§ **Work to be completed**:
With the pictures left out, write out exactly the lines of the listing below that run from the line with "二是用心服务,做好两校区集中" through the line with "Después del pesaje".

╭─ Material for this exercise

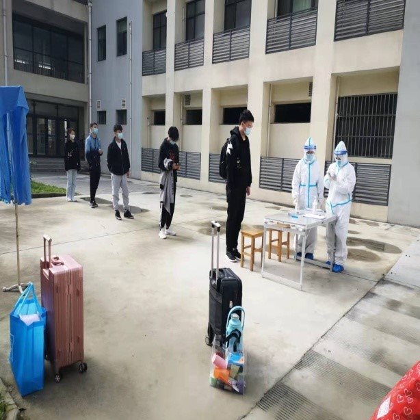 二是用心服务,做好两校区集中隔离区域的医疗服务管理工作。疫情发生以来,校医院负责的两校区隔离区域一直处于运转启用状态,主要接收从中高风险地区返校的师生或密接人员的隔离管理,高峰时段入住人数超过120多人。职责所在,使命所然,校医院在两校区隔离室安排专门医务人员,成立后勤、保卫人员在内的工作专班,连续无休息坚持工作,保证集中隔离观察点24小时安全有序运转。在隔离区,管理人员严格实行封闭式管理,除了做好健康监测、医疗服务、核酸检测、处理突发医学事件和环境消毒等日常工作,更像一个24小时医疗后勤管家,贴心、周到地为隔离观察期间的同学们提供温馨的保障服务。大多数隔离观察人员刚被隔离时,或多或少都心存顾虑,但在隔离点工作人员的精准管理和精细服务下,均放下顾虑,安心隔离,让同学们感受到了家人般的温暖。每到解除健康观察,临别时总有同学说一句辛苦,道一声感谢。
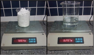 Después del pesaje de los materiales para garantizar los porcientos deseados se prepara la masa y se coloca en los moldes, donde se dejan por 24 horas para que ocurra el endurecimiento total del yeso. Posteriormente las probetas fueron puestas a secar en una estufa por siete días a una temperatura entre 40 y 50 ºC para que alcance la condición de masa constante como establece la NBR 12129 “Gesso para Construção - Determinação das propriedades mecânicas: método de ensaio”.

╰─
╭─ Material for this exercise

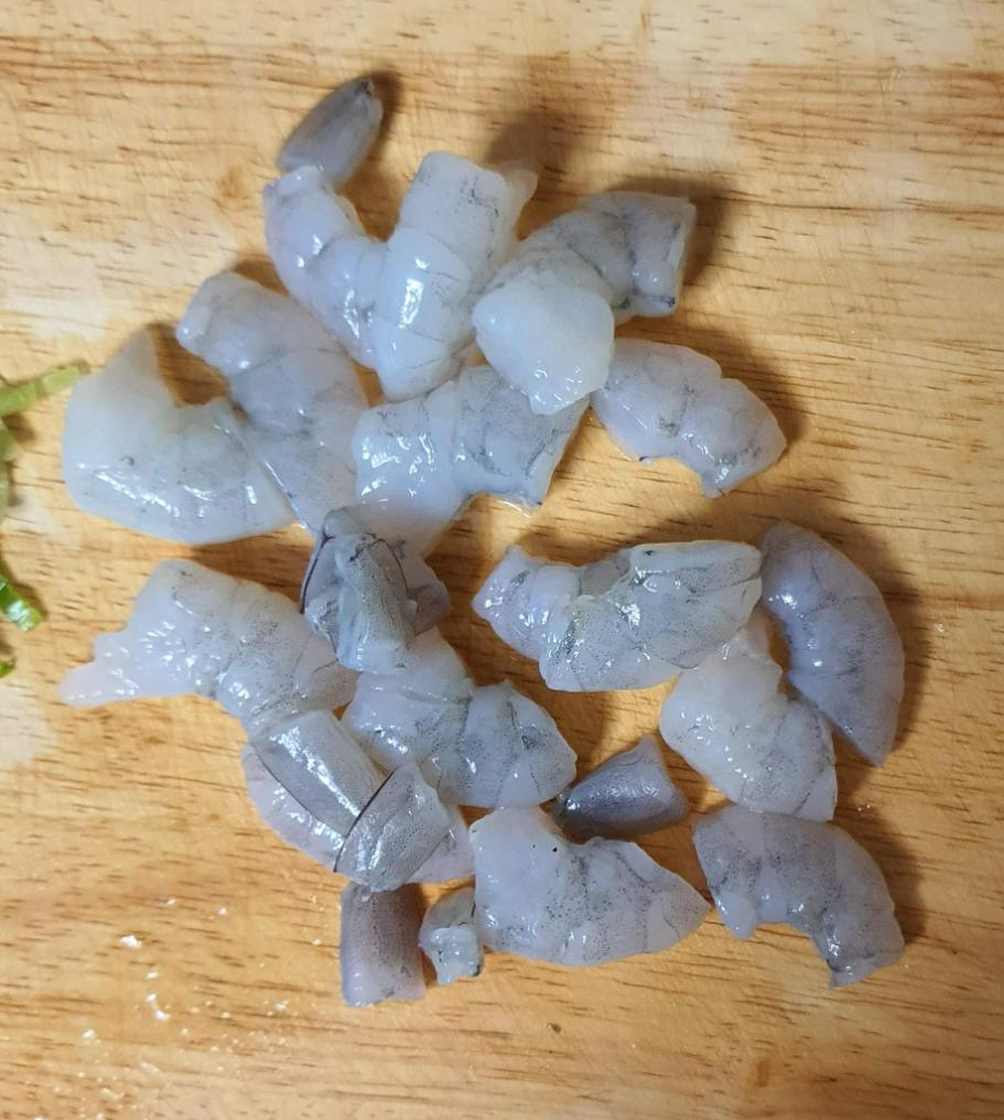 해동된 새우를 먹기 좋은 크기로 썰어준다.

╰─
╭─ Material for this exercise

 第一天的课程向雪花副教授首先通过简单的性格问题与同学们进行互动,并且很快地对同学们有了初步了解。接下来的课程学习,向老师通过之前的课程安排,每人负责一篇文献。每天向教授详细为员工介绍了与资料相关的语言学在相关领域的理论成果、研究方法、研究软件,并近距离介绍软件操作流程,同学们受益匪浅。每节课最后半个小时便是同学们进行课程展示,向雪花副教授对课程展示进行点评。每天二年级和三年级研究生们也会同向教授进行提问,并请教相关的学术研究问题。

╰─

§ **Completed task**:
 二是用心服务,做好两校区集中隔离区域的医疗服务管理工作。疫情发生以来,校医院负责的两校区隔离区域一直处于运转启用状态,主要接收从中高风险地区返校的师生或密接人员的隔离管理,高峰时段入住人数超过120多人。职责所在,使命所然,校医院在两校区隔离室安排专门医务人员,成立后勤、保卫人员在内的工作专班,连续无休息坚持工作,保证集中隔离观察点24小时安全有序运转。在隔离区,管理人员严格实行封闭式管理,除了做好健康监测、医疗服务、核酸检测、处理突发医学事件和环境消毒等日常工作,更像一个24小时医疗后勤管家,贴心、周到地为隔离观察期间的同学们提供温馨的保障服务。大多数隔离观察人员刚被隔离时,或多或少都心存顾虑,但在隔离点工作人员的精准管理和精细服务下,均放下顾虑,安心隔离,让同学们感受到了家人般的温暖。每到解除健康观察,临别时总有同学说一句辛苦,道一声感谢。
 Después del pesaje de los materiales para garantizar los porcientos deseados se prepara la masa y se coloca en los moldes, donde se dejan por 24 horas para que ocurra el endurecimiento total del yeso. Posteriormente las probetas fueron puestas a secar en una estufa por siete días a una temperatura entre 40 y 50 ºC para que alcance la condición de masa constante como establece la NBR 12129 “Gesso para Construção - Determinação das propriedades mecânicas: método de ensaio”.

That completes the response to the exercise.